Vicky Chuqiao Yang is the Richard S. Leghorn (1939) Career Development Assistant Professor in Management of Technological Innovation and an Assistant Professor of System Dynamics at the MIT Sloan School of Management. She was most recently an Omidyar Fellow at the Santa Fe Institute. Yang uses quantitative behavioral models, assisted by the analysis of data, to study collective human behavior on a broad range of organization levels, from teams to cities. Recent research topics include collective decision-making, political polarization, scaling laws in cities, and bureaucracy in human organizations. She received a PhD in Applied Mathematics from Northwestern University.
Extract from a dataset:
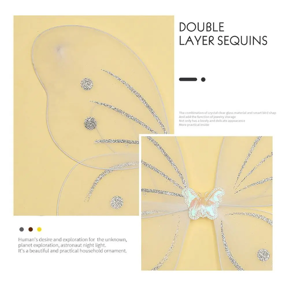 Comprar Conjunto de 3 diademas de mariposa para niños, varita de alas, traje de fotografía de verano para niñas, accesorios de cuento de hadas amarillo, verde, morado y rosa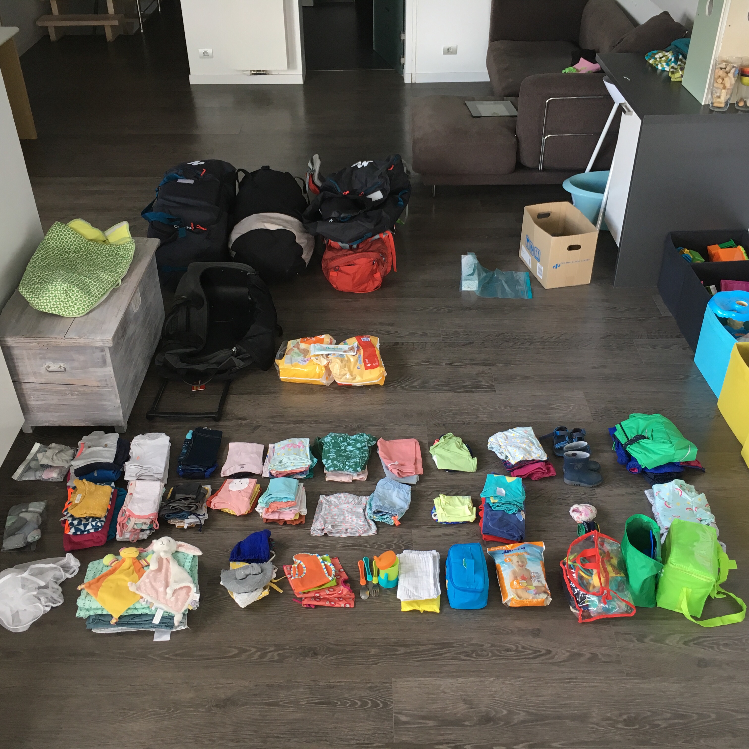 De bagage is dan weer volledig mijn domein… gevolg 10keer zoveel als zou moeten. Of om Kato te quoten “Tine, ge gaat op reis niet verhuizen”. Na de spreekwoordelijke sjot onder mijn kont is de helft ongeveer thuisgebleven, maar nog steeds heb ik als een bezorgde mama met hamsterneigingen de volksverhuizing voorbereid. (Ja, ik heb echt effe overwogen om die wipper voor Lia mee te nemen & Ava’s baby bjorn pop wacht momenteel nog een lastminute reisvisa af)

Amir Goldberg, Stanford, Not All Distances Were Created Equal, Or Why Culture Is Not Exactly Geometric
February 24, 2025, 12:00-1:00, MIT Building E62 Room 446
Social scientists often use spatial metaphors to describe social reality. The distances between coordinates—representing people, ideas, organizations—in such spatial apparatuses presumably correspond to socially meaningful differences between them. The advent of computational text methods, specifically word embedding models, catalyzed analyses of culture as a spatial geometry. Yet, the distances between words inferred from computational methods do not correspond to how people perceive their semantic properties. We analyze heterogeneity in people’s interpretations of a variety of cultural objects, and distinguish between different interpretations that are inconsistent with one another (which we term oppositional interpretations) and those that are divergent but not inconsistent (which we term orthogonal interpretations). Using a combination of surveys, free text storytelling, and computational analyses, we demonstrate that geometric representations of cultural space overestimate orthogonal interpretative distance, and underestimate oppositional interpretative distance. Moreover, we show that oppositionality and orthogonality have different sociological implications. People perceive others with opposed interpretations more negatively than those whose interpretations are orthogonal to theirs, and are less inclined to engage with them socially.
Amir Goldberg is a Professor of Organizational Behavior and (by courtesy) Sociology at the Stanford Graduate School of Business, where he is the founding co-director of the Computational Culture Lab. His research uses computational methods, specifically machine learning and large language models, to measure and model cultural dynamics in organizations, as well as in broader social contexts. His work has been published in leading journals such as the American Journal of Sociology, the American Sociological Review, and Administrative Science Quarterly. He currently serves as Department Editor for the Organizations Department in Management Science.